Calculation of radiator sections depending on actual conditions
Once again, we draw your attention to the fact that the thermal power of one section of the battery is indicated for ideal conditions. The battery will give out so much heat if its coolant has a temperature of + 90 ° C at the inlet, at the outlet + 70 ° C, in the room it is maintained at + 20 ° C. That is, the temperature head of the system (also called the "delta system") will be 70 ° C. What to do if your system is above + 70 ° C at the entrance to the case? or is the room temperature + 23 ° C necessary? Recalculate the claimed capacity.
To do this, calculate the temperature head of your heating system. For example, at the feed you have + 70 ° C, at the outlet of 60 ° C, and in the room you need a temperature of + 23 ° C. Find the delta of your system: this is the average arithmetic temperature at the inlet and outlet, minus the room temperature.
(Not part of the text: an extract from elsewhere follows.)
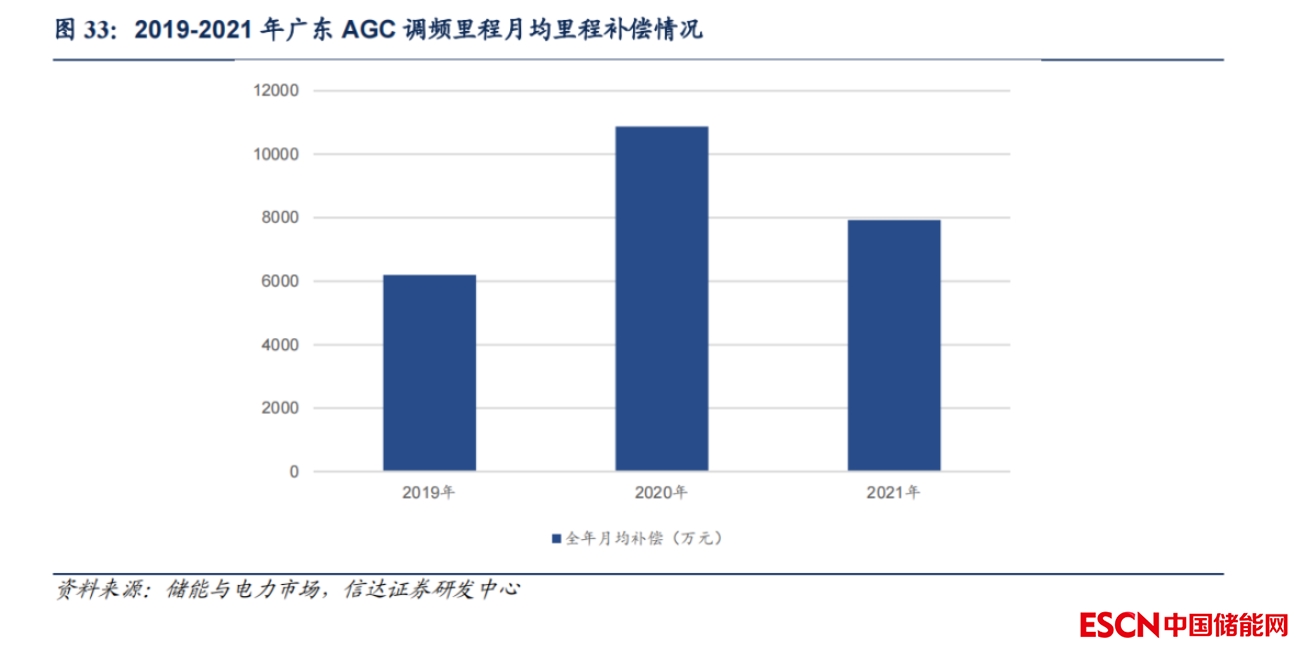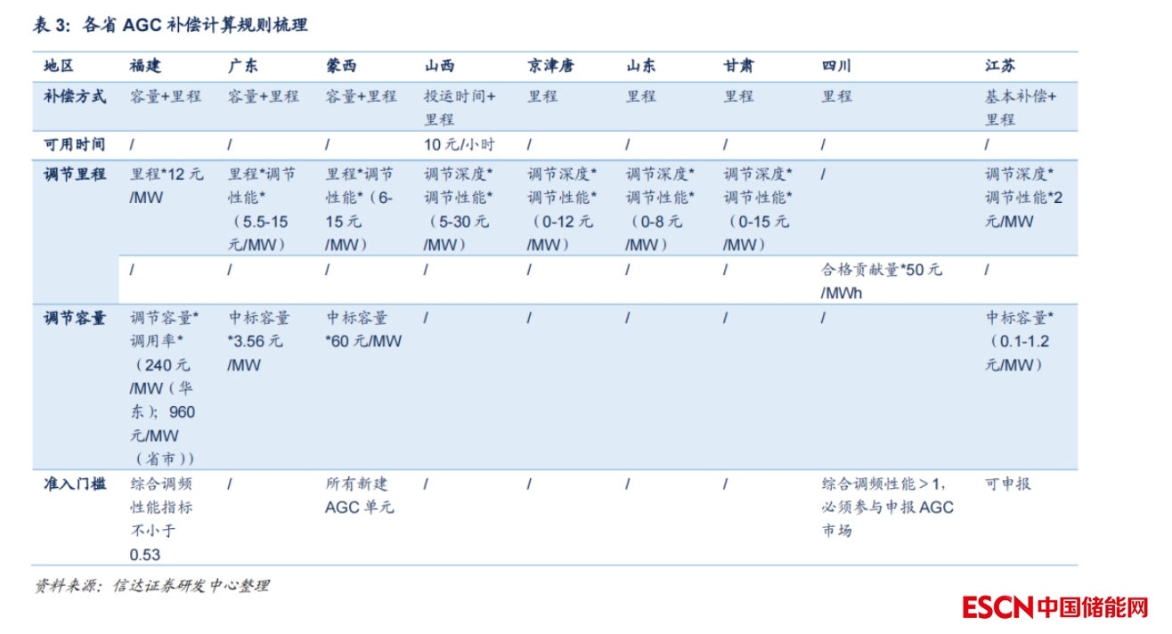 調頻儲能的收益主要來自容量補償和里程補償。根據(jù)《獨立新型儲能電站價格形成機制及成本疏導優(yōu)化方法》,1)容量補償根據(jù)儲能調頻容量定額補償,計算方式為:R 容量補償 = AGC 容量 *容量補償價格。2)里程補償按照儲能實際調用里程以市場化競價的方式補償,計算方式為:R里程補償=M調頻市場總服務費系數(shù)*MF調頻里程*K調頻性能指標*P調頻市場出清價格。其中M1一般為0-2之間,初期選1;K 值是調頻性能的綜合指標,可以分拆為K1調節(jié)速率、K2調節(jié)精度、K3響應時間三個指標。各省的K與K1、K2、K3的計算方式不一,其中一種計算方式為:K1=本臺機組實測速率/控制區(qū)域內所有AGC機組的平均調節(jié)速率;K2=1-發(fā)電單元響應延遲時間/5min;K3=1-發(fā)電單元調節(jié)誤差/發(fā)電單元調節(jié)允許誤差。K值越大,性能越好,里程補償越高。根據(jù)南方電網規(guī)則,K1最高為5,K2、K3最高為1,因此綜合指標K值最大為3。

For our case, we get: (70 ° C + 60 ° C) / 2 - 23 ° C = 42 ° C. Delta for such conditions is 42 ° C. Next we find this value in the conversion table (located below) and multiply the declared power by this coefficient. We learn the power that this section can give for your conditions.
We find in the columns, colored in blue, a line with a delta of 42 ° C. It corresponds to a coefficient of 0.51. Now calculate the thermal power of the 1 section of the radiator for our case. For example, the declared power of 185 W, applying the found coefficient, we get: 185 W * 0.51 = 94.35 W. Almost half that. That's the power and you need to substitute when doing the calculation of radiator sections. Only taking into account the individual parameters in the room will be warm.